▶ Task statement: Leaving out every picture, copy the lines of the material below exactly, from the line containing "2026年2月药品调价表" through the line containing "New Fashion Long".

▶ Study material:
● ● ●
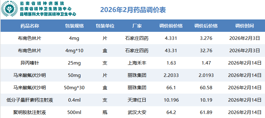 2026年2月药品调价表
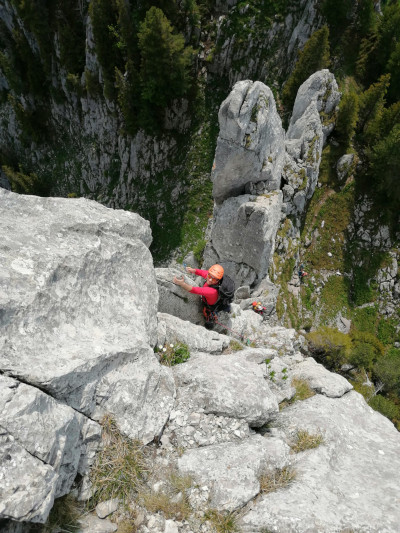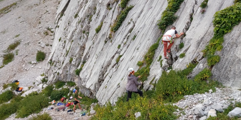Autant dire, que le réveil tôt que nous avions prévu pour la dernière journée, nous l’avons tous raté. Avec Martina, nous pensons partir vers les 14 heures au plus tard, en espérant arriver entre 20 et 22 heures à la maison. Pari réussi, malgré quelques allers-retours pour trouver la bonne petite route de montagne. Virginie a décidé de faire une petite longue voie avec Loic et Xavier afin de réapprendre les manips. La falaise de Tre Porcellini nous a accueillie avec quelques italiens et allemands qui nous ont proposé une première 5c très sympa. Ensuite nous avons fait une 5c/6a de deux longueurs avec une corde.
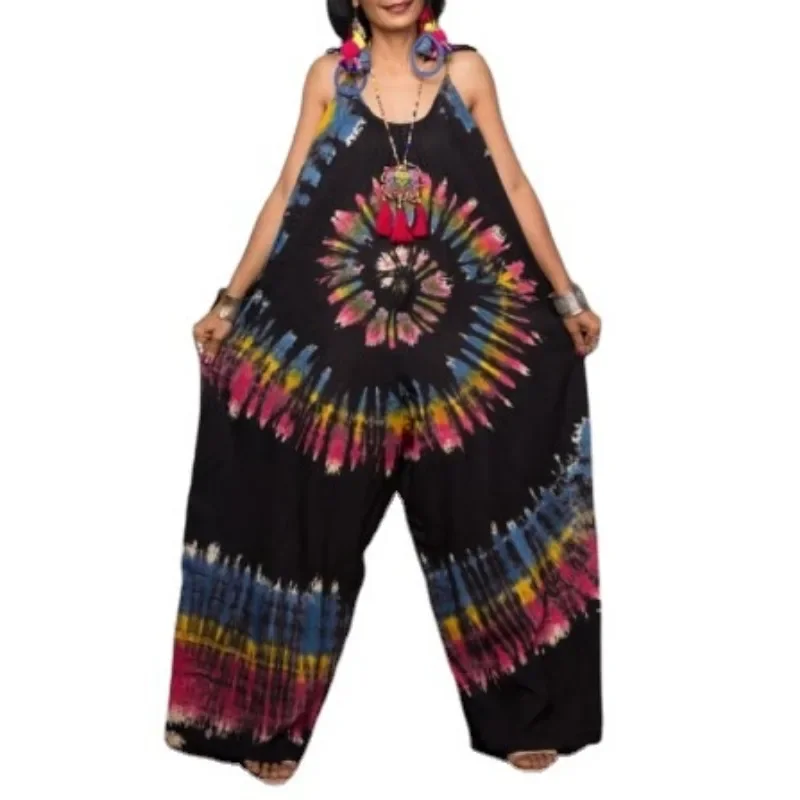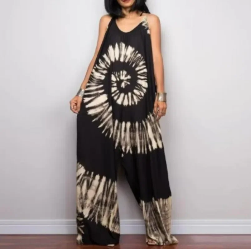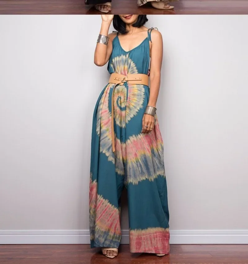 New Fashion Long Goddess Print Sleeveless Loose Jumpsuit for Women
● ● ●
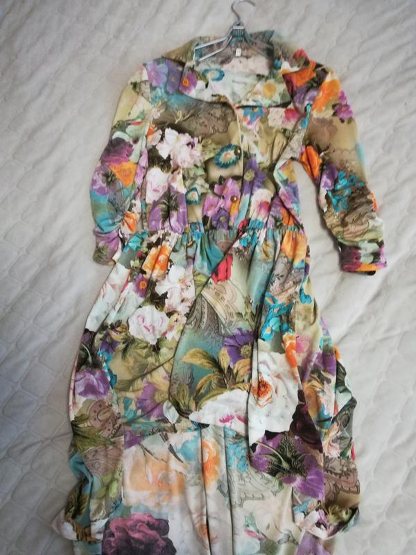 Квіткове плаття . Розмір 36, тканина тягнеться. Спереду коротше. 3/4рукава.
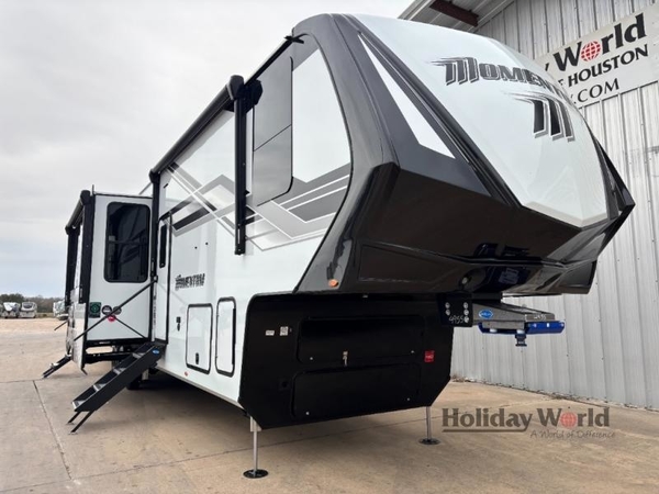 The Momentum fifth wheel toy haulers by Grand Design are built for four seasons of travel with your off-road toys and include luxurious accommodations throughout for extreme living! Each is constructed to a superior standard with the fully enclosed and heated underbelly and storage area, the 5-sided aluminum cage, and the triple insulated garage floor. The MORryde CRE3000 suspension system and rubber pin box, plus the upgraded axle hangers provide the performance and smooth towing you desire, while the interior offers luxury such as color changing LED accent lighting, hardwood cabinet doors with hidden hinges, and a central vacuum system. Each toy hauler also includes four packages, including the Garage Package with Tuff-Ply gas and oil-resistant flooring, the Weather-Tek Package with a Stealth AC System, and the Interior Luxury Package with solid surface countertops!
● ● ●
▶ Response to this task:
 2026年2月药品调价表
Autant dire, que le réveil tôt que nous avions prévu pour la dernière journée, nous l’avons tous raté. Avec Martina, nous pensons partir vers les 14 heures au plus tard, en espérant arriver entre 20 et 22 heures à la maison. Pari réussi, malgré quelques allers-retours pour trouver la bonne petite route de montagne. Virginie a décidé de faire une petite longue voie avec Loic et Xavier afin de réapprendre les manips. La falaise de Tre Porcellini nous a accueillie avec quelques italiens et allemands qui nous ont proposé une première 5c très sympa. Ensuite nous avons fait une 5c/6a de deux longueurs avec une corde.
 New Fashion Long Goddess Print Sleeveless Loose Jumpsuit for Women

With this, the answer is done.